Protein powders are easily absorbed by the body, which means you can use their benefits immediately. A whey protein has the right amount of carbs, fats, and sugars to help increase muscle mass. It also contains the essential amino acids for maintaining muscle mass and recovery.


Creatine​


Like protein powders, creatine comes in powder form, mixed with sugary drinks. It can help natural bodybuilders gain muscle mass as early as six weeks. It also helps in triggering the protein synthesis needed for working out. It also sends energy to the heart for better physical performance.

Though creatine can be found in meats, only a small amount is present in this food and usually goes off after cooking. Creatine powders are suitable substitutes if you need to increase creatine in your body.


Branched Chain Amino Acids (BCAA)​


BCAA contains leucine, isoleucine, and valine. This also helps in improved muscle recovery after a long and intense workout. It can be added to your workout drinks before or after working out. BCAA also helps in increasing the protein synthesis needed to build muscle mass.


Fat Burners​


Many fat burners are available in the market, but not all are suitable for a natural bodybuilder. Caffeine-based and L-carnitine are the most common fat burners for a natty. However, those that contain caffeine sometimes cause insomnia and anxiety to some bodybuilders.
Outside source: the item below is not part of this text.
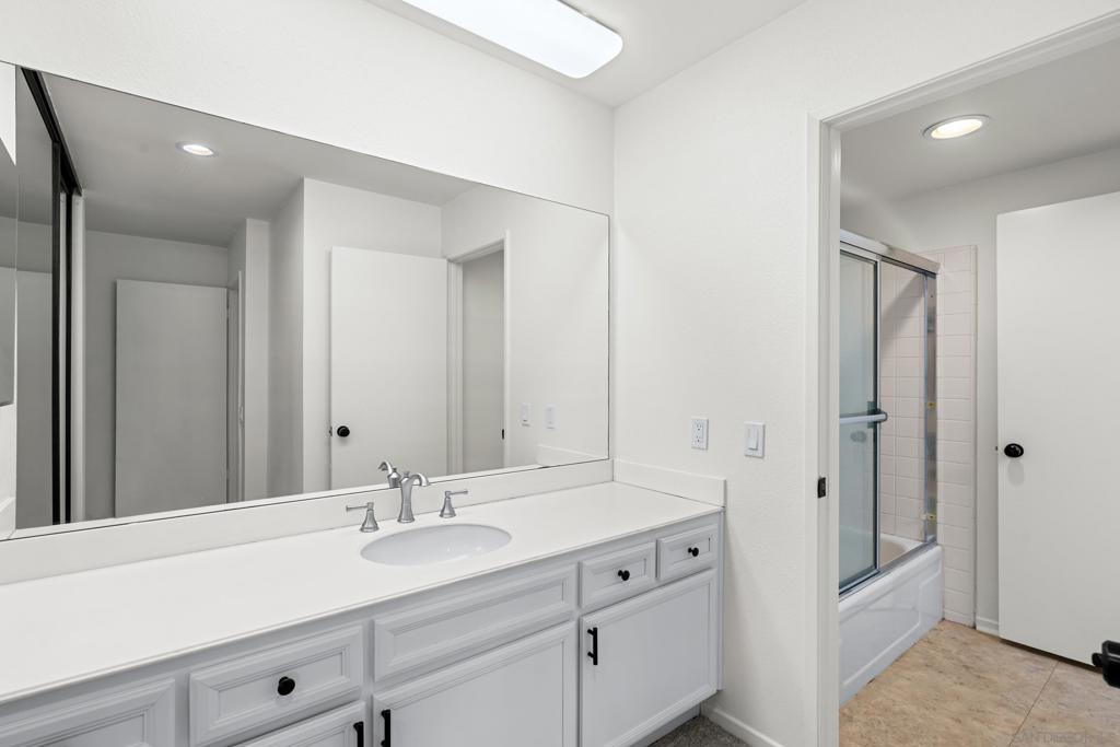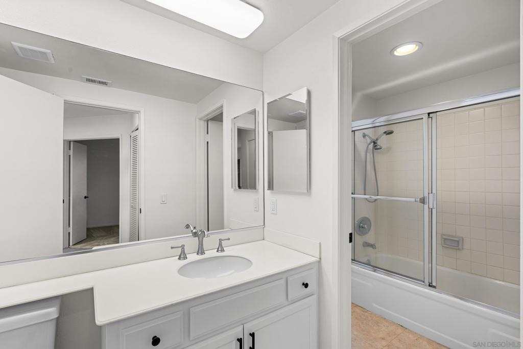 $20,000 Price Reduction! Welcome to an exquisite, newly remodeled unit within the esteemed Shadowridge Glen Community. This captivating and rarely available bottom unit offers 2 sizable bedrooms and 1.25 bathrooms. As you step inside, discover an inviting space where the living room seamlessly connects to your private patio—a serene spot to unwind and relax. The kitchen showcases brand-new stainless steel appliances and pristine white cabinetry, while also featuring an open pass-through to seamlessly interact with your guests. This unit features a primary en suite bedroom with separate vanities, ensuring both comfort and functionality. Additionally, discover a side-by-side laundry closet with a full-size washer and dryer. Storage options include a patio storage room, laundry area space, and built-in garage shelves, accompanied by an extra parking spot. Enjoy the meticulously manicured grounds of Shadowridge Glen with a welcoming pool and spa. Easy access to the 78 and Shadowridge Golf Club. Positioned close to excellent schools, superb shopping, dining, and major highways, this residence seamlessly blends comfort with accessibility.

Meanwhile, L-carnitine is a better choice since it turns fat into energy. It also reduces fatigue from intense exercise routines. Some recommend taking stand-alone carnitine supplements to get the maximum benefit.


Recovery Strategies of Natural Bodybuilders​


High-frequency workouts reduce the resting period during workouts. Due to this, the muscles need adequate time to recover, which can hinder your bodybuilding regimen. Aside from adequate rest, there are also recovery strategies that follow the natural and safer way.


Having a High-Protein Meal​


Taking protein after high-intensity workouts can help repair the muscle fibers. It replenishes your muscle cells and gets you ready for your next workout.


Water and Sports Drinks​


Hydrating replenishes the water that has gone off your body in sweat. If you are dehydrated, your muscle will most likely take more time to be repaired. However, it is advised to choose those with low sugar content when consuming sports drinks. If possible, drink water only, as it is the safest and best way to stay hydrated.


Good Rest and Sleep​


Sleeping is the best way to rest. A bodybuilder is required to have more than 7 hours of sleep at night. Getting less sleep will result in early fatigue, especially if you are under an intense workout program. In addition, sleeping does not consume any energy, which is essential if you plan to train the next day.


Conclusion​


Natural bodybuilding is the safest way to join bodybuilding competitions. It provides a proportioned body and promotes health, unlike using steroids, where many severe side effects are present. Though natural bodybuilding takes time to produce results, the muscle mass and strength it develops are present in the long run.